Spring: Changes
By: Wilona Riva
Disclaimer: I don't own ROTG or DP.
The first two chapters were written before I read the 4th book in the series. Mother Nature's name is staying Seraphina.
5 YEARS - Fenton Works, Jack's Lake
The first time Daniel noticed the changes signalling the time of the end, was the day before MIM's school was scheduled to open. It took a lot of business finangling and hiding the building from the humans' satellites to get it finished. The Spirits of the Seasons were sent as messengers by Mother Nature to invite all juvenile spirits to attend the school.
Daniel was shutting the window, when the sound of a chair scraping across the floor caught his attention. He turned around, emerald eyes flickering to his mother's shadow crossing over to the light switch. "Hi, Maddie," he greeted her. He didn't know when he'd stopped calling her 'mom' or even 'mother', but it seemed natural to him.
The electric light came on; Maddie walked over and took the bundles from him. "What happened to your clothes, Danny?"

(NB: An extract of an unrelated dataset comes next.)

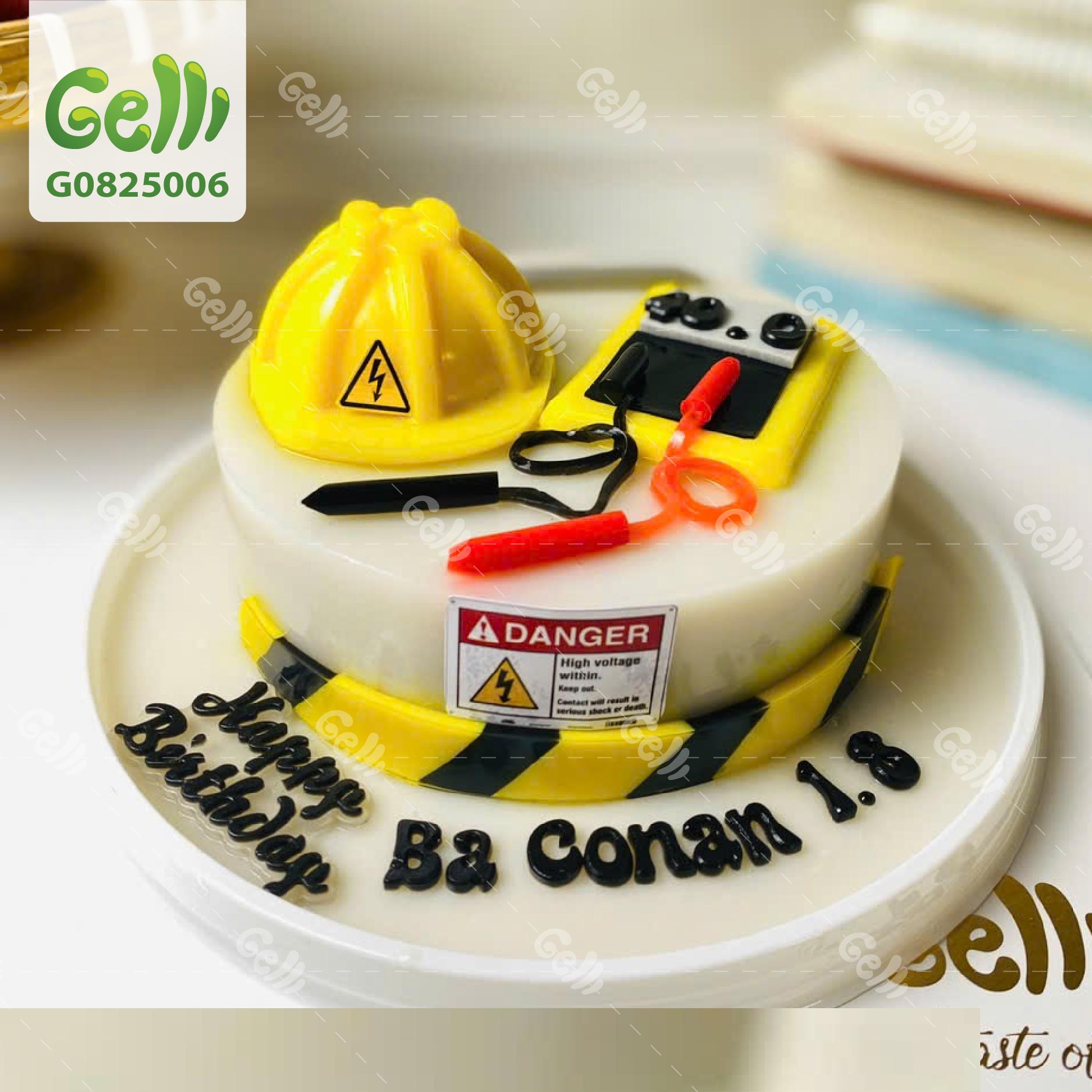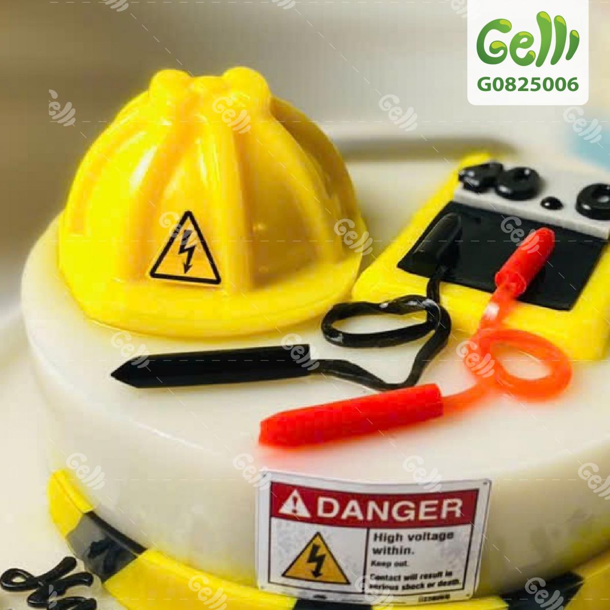 Khám phá mẫu bánh sinh nhật rau câu ngành điện với mũ bảo hộ, đồng hồ điện và cảnh báo điện áp – món quà độc đáo, ý nghĩa cho người thợ điện.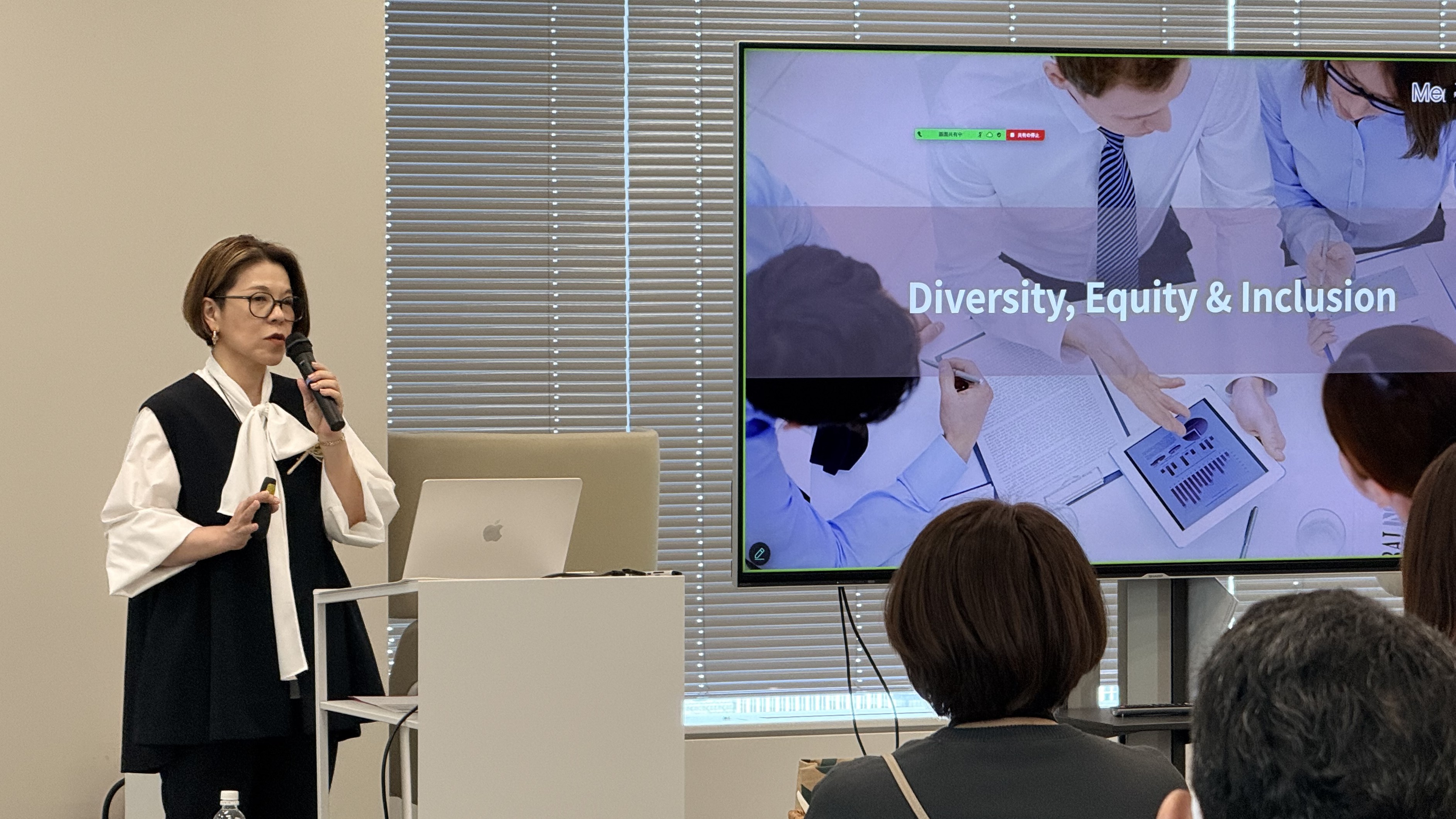 講演では、ダイバーシティは“テーブルに座る権利”、インクルージョンは“そのテーブルで発⾔ができ、かつ、その発⾔が認められること”であり、多様な⼈財が存在するだけでなく、誰もが安⼼して意⾒を表明できる環境があってこそ、多様性は組織の価値として機能することなどが語られました。

"Um..." Daniel looked down at his barefeet. He still wore the jeans Maddie and he had gone shopping for a few days ago before he'd been called away to the West Indies to help Leto try to calm down a former nature goddess named Guabancex, albeit now stained with mud and salt water. The black and purple button-down dress shirt he wore had been given to him by Baron Samedi, after Daniel had threated to call down his grandfather on the old skeletal coot. He'd been chasing after Leto again, when the girl took to wearing West African print mini-skirts.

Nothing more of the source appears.